STREET LIGHTING

STREET LIGHTING. In 1846 the Cleveland Gas Light & Coke Co. was organized, spelling the end for oil-fired lamps, which were noted by publications of the time to be in for their "final trimming." However, little real progress was made with gas development until the end of the decade, when the gas manufacturing company acquired new management. By 1849, however, smoky oil-filled streetlamps were being replaced with gaslights in downtown Cleveland. By December of that year, gaslights could be seen on Superior from the river to Erie (E. 9th) St., on PUBLIC SQUARE, and on Water (W. 9th), Merwin, and Bank (W. 6th) streets. The Cleveland TRUE DEMOCRAT reported that the "new gas lights give everywhere a social air, and people move about as if there were no more trouble from darkness and the evils thereof." By 1850 some 50 gaslights were in place on Superior and River (W. 11th NW) streets. Streetlamps typically would be kept on until midnight, except on moonlit nights. The west side remained without gaslights apparently until 1867, when the Peoples Gas Light Co. brought them gas lighting.

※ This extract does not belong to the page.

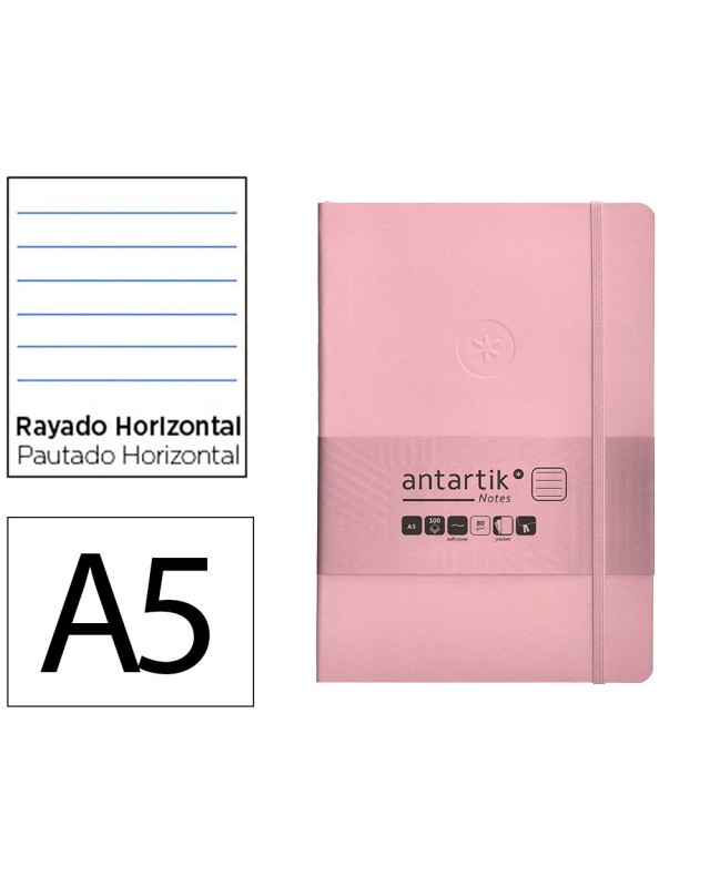 Cuaderno con gomilla antartik notes tapa blanda a5 hojas rayas rosa pastel 80 hojas 80 gr fsc

Gaslights prevailed as streetlighting equipment in Cleveland until 1879. Following the initial use of Brush arc lighting in clothing and other retail establishments in Boston and Philadelphia in 1878, in Apr. 1879 CHAS. F. BRUSH, then associated with the Cleveland Telegraph Supply Co., constructed 12 lamps of 2,000 candlepower, on ornate 150' standards erected on Public Square. Subsequently the city council contracted for the arc lighting of Public Square and adjacent streets for an amount not to exceed $1,348.95 annually. Soon Brush arc lights began to appear on downtown Cleveland streets. In 1881 Brush and associates purchased the Cleveland Telegraph Supply Co. and formed the Brush Electric Co. to capitalize on his dynamos, arc lights, and related equipment. A central power station was erected at Ontario and St. Clair streets, and wires began to appear on street poles, making Cleveland a pioneer city in the electric lighting of city streets. Brush lamps were also installed in other cities, such as New York, Montreal, Boston, Philadelphia, Baltimore, and San Francisco. In 1892 the CLEVELAND ELECTRIC ILLUMINATING CO. was established, combining Brush Electric Light & Power with the Cleveland Electric Light Co., which was lighting downtown stores. The new company began installing more easily managed Edison incandescent lighting equipment, and soon the Brush arc-light masts were dismantled. The next several decades witnessed improvements in incandescent street lights and their expanded distribution. CEI acquired a competitor in 1914 with the building of a municipal light plant along the lakefront at E. 53rd St.

Decades later, new streetlighting innovations emerged with such types as sodium-vapor lighting and monochromatic types, which offered all-weather visibility on busy, urban streets. In the 1980s few incandescent lights remained on Cleveland's streets; new installations were predominantly either mercury vapor or high-pressure sodium lamps. In 1986 there were approx. 52,000 streetlamps in Cleveland. Of these, CEI operated about 24,000 with the remaining 28,000 under the jurisdiction of the municipal light company. Where both CEI and the municipal company (MUNY, or, more recently, Cleveland Public Power) had street poles, MUNY erected the street lighting. CEI installed lights on streets where it owned the poles, but when MUNY installed new street poles, MUNY replaced CEI lights.